Skip to content
This repository was archived by the owner on Feb 18, 2021. It is now read-only.

Workflow

axfelix edited this page Feb 4, 2014 · 6 revisions

Basic Workflow of PKP XML Stack

1. Convert document to .docx (Word 2007 XML) if it is not already in .docx form.

Handled by: https://github.com/pkp/xmlps/blob/master/module/DocxConversion/src/DocxConversion/Model/

Because our primary parsing engine is developed against .docx format, it is necessary to convert non-docx input into .docx before running parser. To do this, https://github.com/dagwieers/unoconv is used -- a CLI tool which calls LibreOffice in the background. A list of LibreOffice-supported input formats is at http://en.wikipedia.org/wiki/LibreOffice#Supported_file_formats; in general, you should get good results with DOC/RTF/ODT input, but this is dependent on LibreOffice.

Known limitations

LibreOffice converts images embedded in DOC files to WMF (Windows Metafile) for some godawful reason when converting the document to .docx. There is code in place to convert these WMF files to the more useful JPG/PNG, but libwmf has been broken on Ubuntu for a while (https://bugs.launchpad.net/ubuntu/+source/gimp/+bug/1001570) so this may not be working currently, thus there may be a problem with images when using DOC input. We're waiting for a fix upstream.

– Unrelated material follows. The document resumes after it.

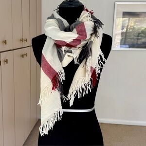 Authentic Burberry shawl/scarf is amazing perfect all year round! Extra-fine merino wool lends unmistakable style to a lush scarf that's both lightweight and cozy. In excellent preloved condition, minor snags shown in photos. Originally $595.

2. Run meTypeset to convert .docx to NLM XML

Handled by: https://github.com/pkp/xmlps/blob/master/module/NlmxmlConversion/src/NlmxmlConversion/Model/

This step contains most of the heavy lifting to go from a Word/compatible format to NLM XML (currently targeting the newest JATS NLM spec). Currently it's functionally a one-line call to our external meTypeset library (https://github.com/MartinPaulEve/meTypeset), which does the work of extracting the images from the .docx and transforming the underlying XML using a combination of unsupervised classifier routines and buckets of XSL. Document metadata can be supplied as optional input; otherwise, meTypeset will attempt to parse out article metadata (authors, titles, etc.) from the front matter.

Known limitations

Lots :) meTypeset is currently under very active development. By the time you're reading this, there should be a stable fork which produces reasonably good output on most elements of a document (headers, lists, body text, inline references, footnotes, etc). However, there are many cases where you may encounter some small issues; detection of front matter is currently very incomplete, our classifier code currently doesn't know what to do with any elements that belong outside of the main body text (though detection is improving), and if the article bibliography isn't detected correctly, many of the steps later in this workflow will fail.

3. Citation Parsing

Handled by: https://github.com/pkp/xmlps/tree/master/module/ReferencesConversion/src/ReferencesConversion/Model

This step passes the Bibliography identified by meTypeset to ParsCit (http://aye.comp.nus.edu.sg/parsCit/) in order to break down the component parts of a given citation into Author, Title, Year, etc. so that they can be reformatted into any desired citation style. ParsCit was selected over other similar citation parsing libraries because it meets the requirements of being under active development (https://github.com/knmnyn/parscit) and reasonably easy to install locally (it's mostly Perl and C++). ParsCit output is then walked through MODS and BibTeX formats:

http://www.loc.gov/standards/mods/ http://www.bibtex.org/ https://github.com/pkp/xmlps/blob/master/module/ReferencesConversion/assets/parsCit.xsl https://github.com/pkp/xmlps/tree/master/module/BibtexConversion/src/BibtexConversion/Model https://github.com/pkp/xmlps/tree/master/module/BibtexreferencesConversion/src/BibtexreferencesConversion/Mode https://github.com/pkp/xmlps/blob/master/module/BibtexreferencesConversion/assets/biblatex2xml.xsl

... and, finally, transformed back to NLM XML citation markup and pasted back into the original document.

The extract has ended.